• _Problem requirements_
If a picture appears, leave it out, and reproduce exactly the lines from the start of the listing below through the one bearing "Attention : You".

☆ ☆ ☆ ☆ ☆

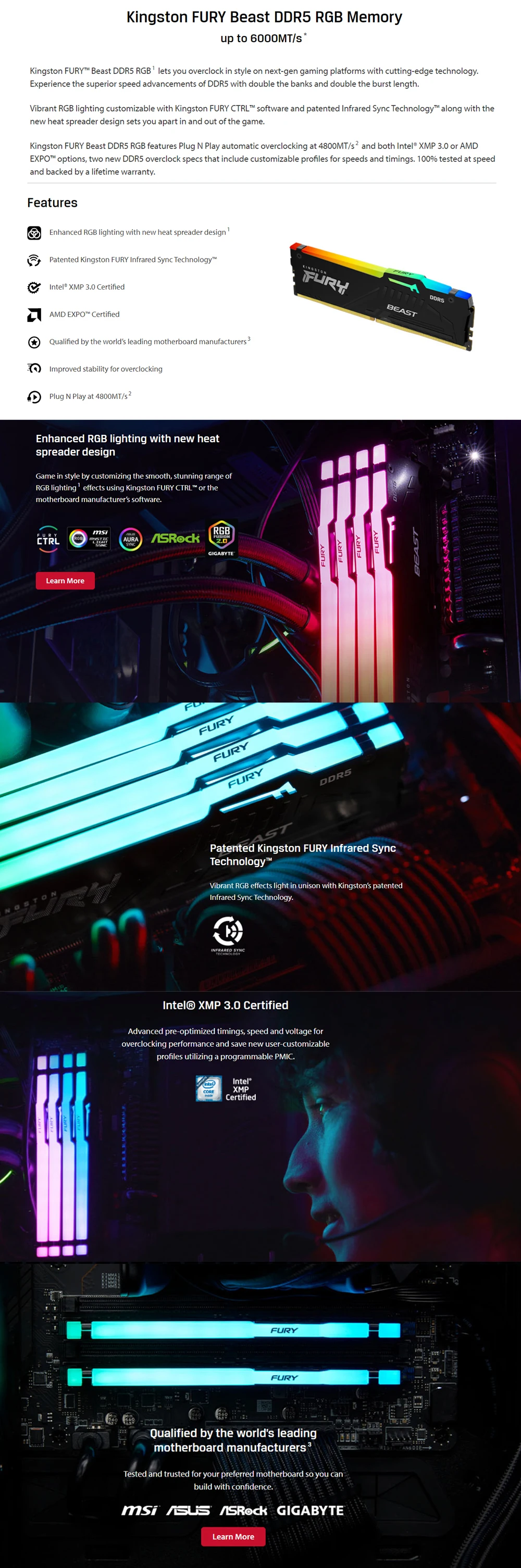 Modelo RAM: Kingston Fury Beast DDR5 5600MHz 16GB x 2 RGB EXPO (nuevo).
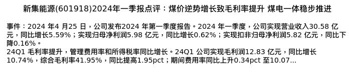 值得注意的是:2024年04月民生证券的周泰/李航/王姗姗分析师,首次发布关于新集能源的研究报告,标题为:新集能源(601918)2024年一季报点评:煤价逆势增长致毛利率提升 煤电一体稳步推进。
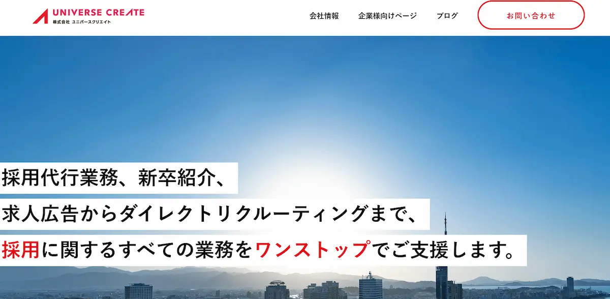株式会社ユニバースクリエイトは、福岡を拠点に九州地域での新卒採用・中途採用支援を強みとしています。
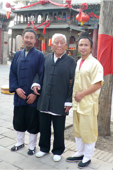 De izquierda a derecha: monje Taoísta Huang QingGui; Gran Maestro de XinYi Zhou ShouRong, maestro del Maestro Wu; Maestro Zhongxian Wu. Año 2010. © Master Wu .
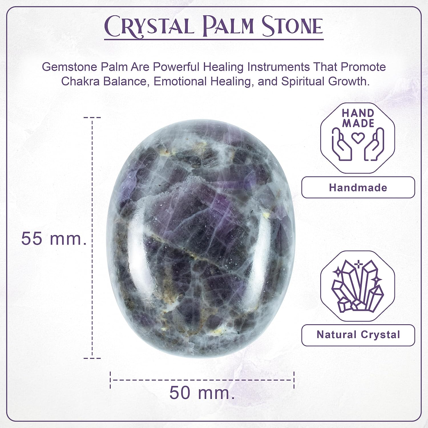 - "? Attention : You will receive similar to the photograph; however, each Handmade palm stone contains a natural stone and will vary slightly in shapes. Absolute care will be taken with packing. However, the Properties and Healing Qualities will be excellent."
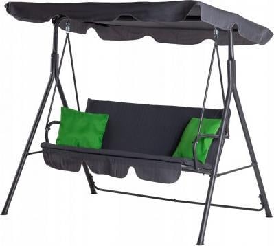 Садові гойдалки з подушками Садові гойдалки мають міцну конструкцію зі сталі з порошковим покриттям.Чудово виглядає в різних стилях відкритих просторів.Крім того, це цікавий спосіб провести час на природі.Лава-гойдалка оснащена навісом з регульованим кутом нахилу і комплектом подушок.Продукт призначений для використання в таких місцях, як сади, тераси, ділянки та інші відкриті місця.Параметри: Загальна ширина: 170 см Загальна глибина: 110 см Загальна висота: 153 см Колір: графіт, зелений Модель: VIP Матеріал: поліестер, сталь Сонцезахисний балдахін з регульованим кутом нахилу Підлокітники Комплект подушок в комплекті Макс.навантаження: 220 кг
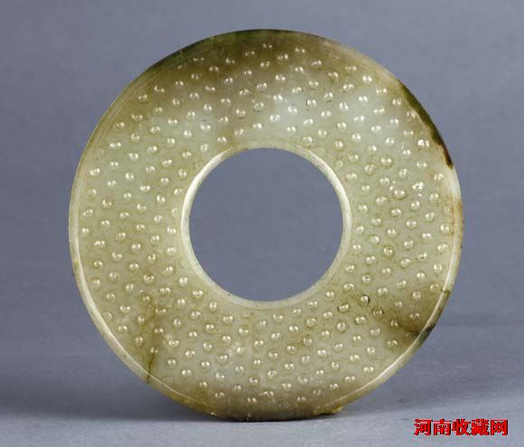 汉代。2011年征集购买。直径10.5、好径4.1、边厚0.6厘米。圆形,玉质白中闪青,边缘局部有褐色沁,璧正背均饰尾巴短小的谷纹。

☆ ☆ ☆ ☆ ☆

• _Answer to this exercise_
 Modelo RAM: Kingston Fury Beast DDR5 5600MHz 16GB x 2 RGB EXPO (nuevo).
 值得注意的是:2024年04月民生证券的周泰/李航/王姗姗分析师,首次发布关于新集能源的研究报告,标题为:新集能源(601918)2024年一季报点评:煤价逆势增长致毛利率提升 煤电一体稳步推进。
株式会社ユニバースクリエイトは、福岡を拠点に九州地域での新卒採用・中途採用支援を強みとしています。
 De izquierda a derecha: monje Taoísta Huang QingGui; Gran Maestro de XinYi Zhou ShouRong, maestro del Maestro Wu; Maestro Zhongxian Wu. Año 2010. © Master Wu .
 - "? Attention : You will receive similar to the photograph; however, each Handmade palm stone contains a natural stone and will vary slightly in shapes. Absolute care will be taken with packing. However, the Properties and Healing Qualities will be excellent."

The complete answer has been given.